Traditional trade models assume that countries are just points in space; the internal geography of countries is ignored. This is a strong assumption. Recent research forcefully points out that by ignoring the internal geography of countries important consequences of regional characteristics on trade are overlooked. The overall conclusion of this recent literature – that finds inspiration in all of the classic trade models such as the Ricardian, Heckscher-Ohlin and imperfect competition models – is that trade and the internal geography of countries are fundamentally linked.

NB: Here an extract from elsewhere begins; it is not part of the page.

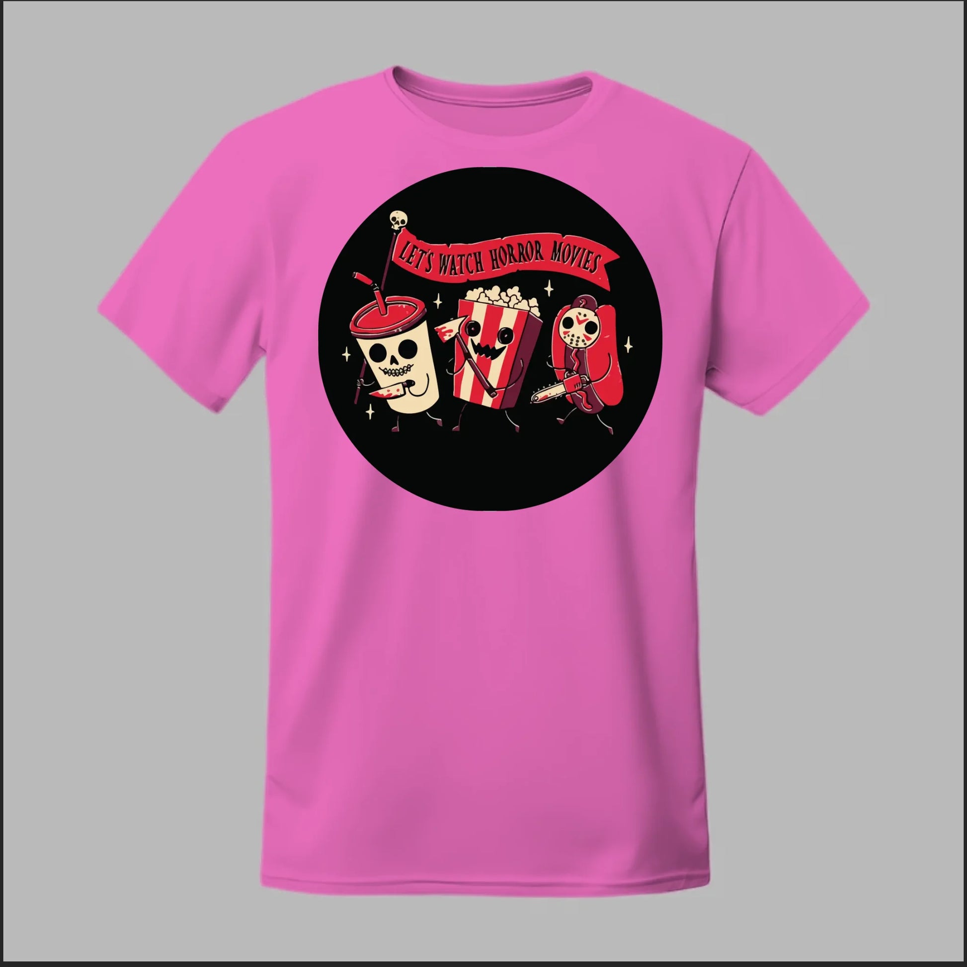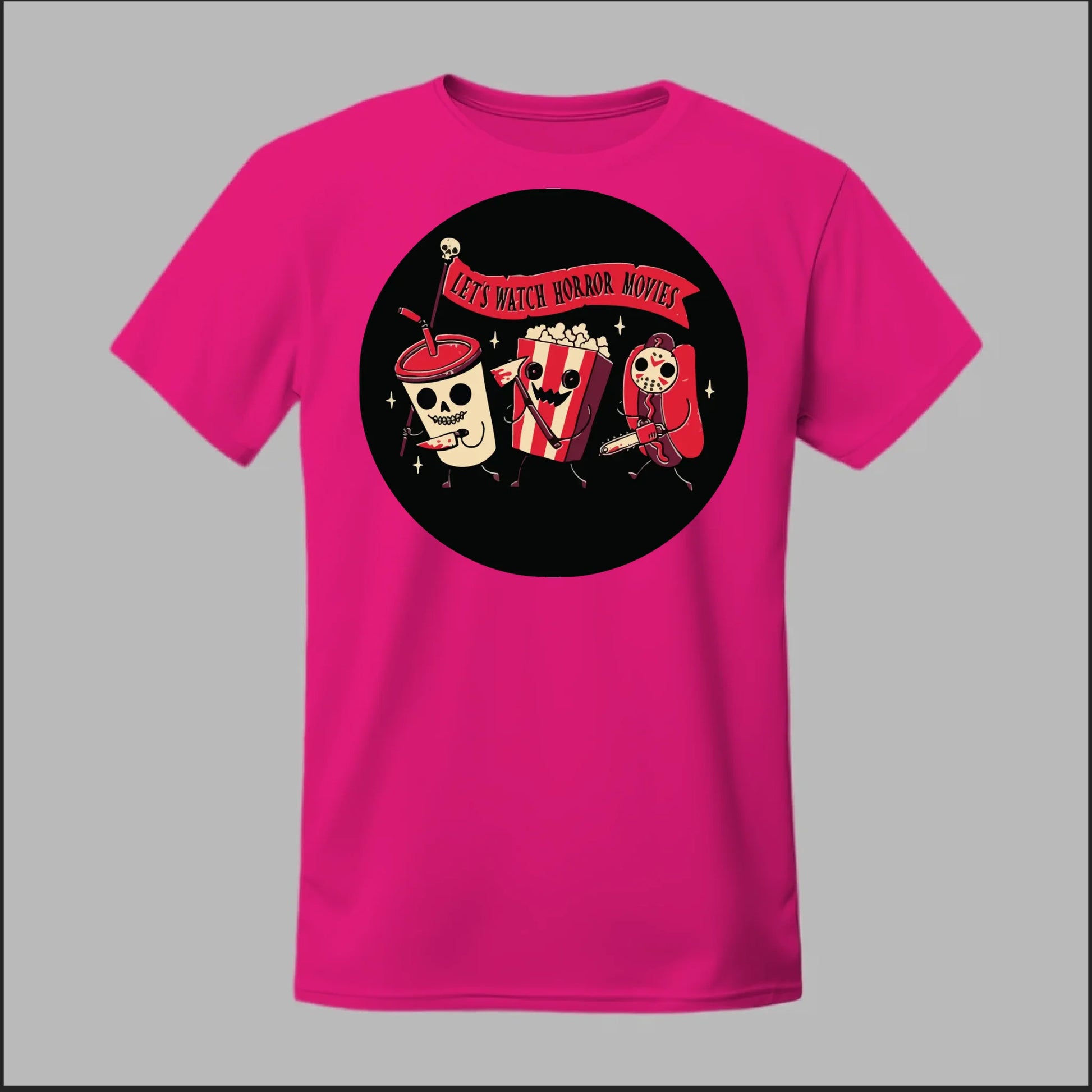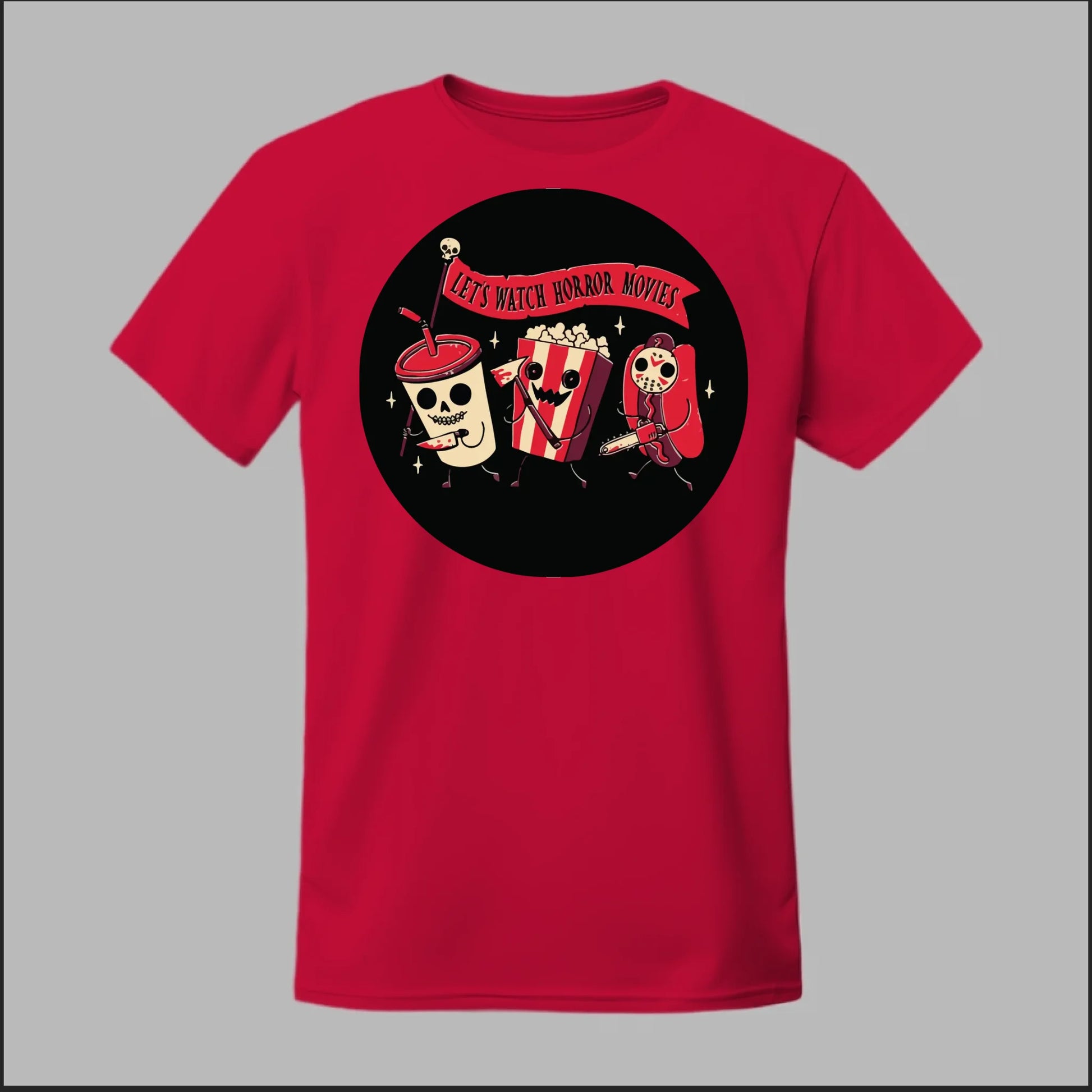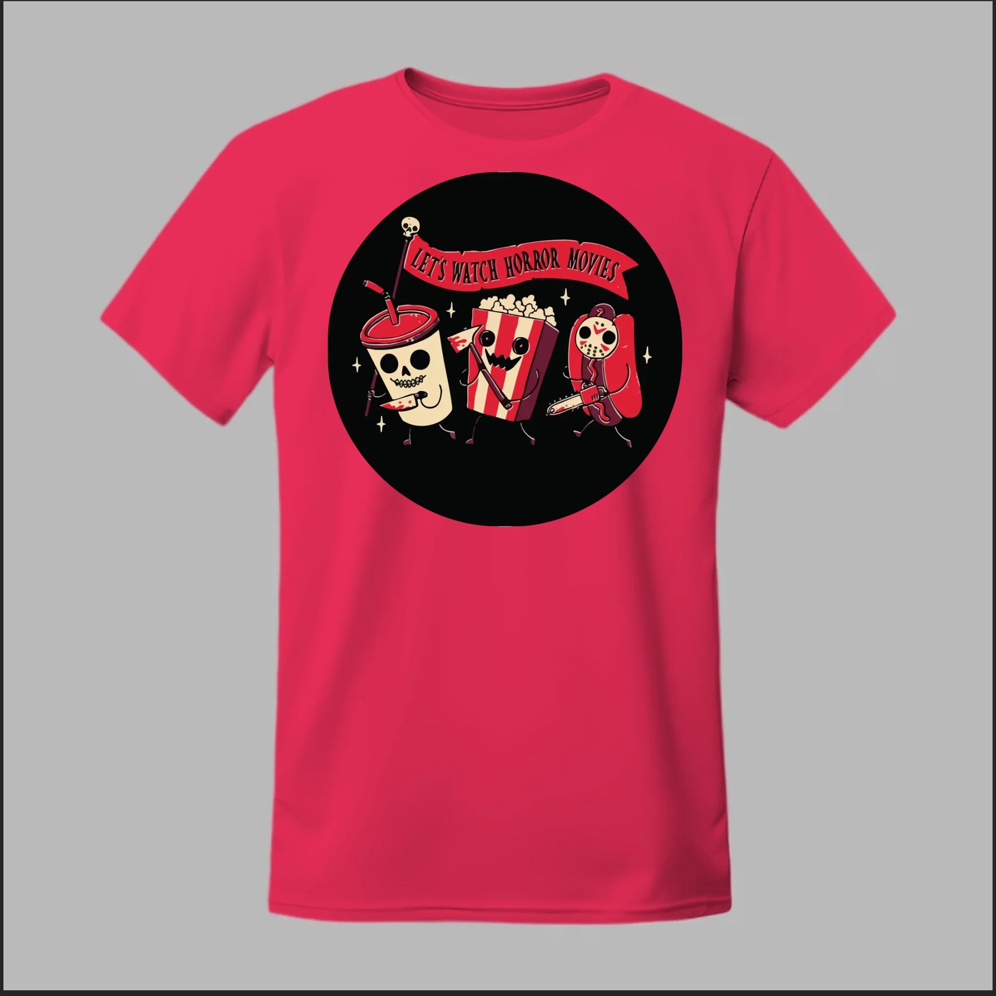 Grab your popcorn, soda, and hot dog—because it’s time for a horror movie marathon! Our Let’s Watch Horror Movies is perfect for anyone who loves spooky flicks and slasher vibes. Fun cartoon design featuring creepy popcorn, soda, and hotdog characters. Perfect for horror fans, Halloween parties, or scary movie nights.

In this contribution we focus on Courant & Deardorff (1992, 1993). Their analysis, based on the Heckscher-Ohlin trade model, stands out because they relate the regional distribution of factors of production to the welfare maximizing national trade structure. The central question they answer is whether the so-called welfare maximizing integrated equilibrium is affected by regional characteristics. This can be tested by the lens-condition. In general, if factors of production are not “too” unevenly distributed the lens-condition is fullfilled and the welfare maximizing equilibrium can be reproduced.

We test the lens-condition for The Netherlands, for the period 2007–2017, using micro-firm export data. We have factor endowments and factor intensities for 22 Dutch cities, 4 regional areas, for 83 sectors. We find that the uneven distribution of factors of production across Dutch cities does not affect aggregate trade flows. This implies that the so-called welfare maximizing integrated equilibrium can be reproduced by the current spatial distribution of factors of production. In this sense the spatial distribution is optimal and no policy actions are necessary.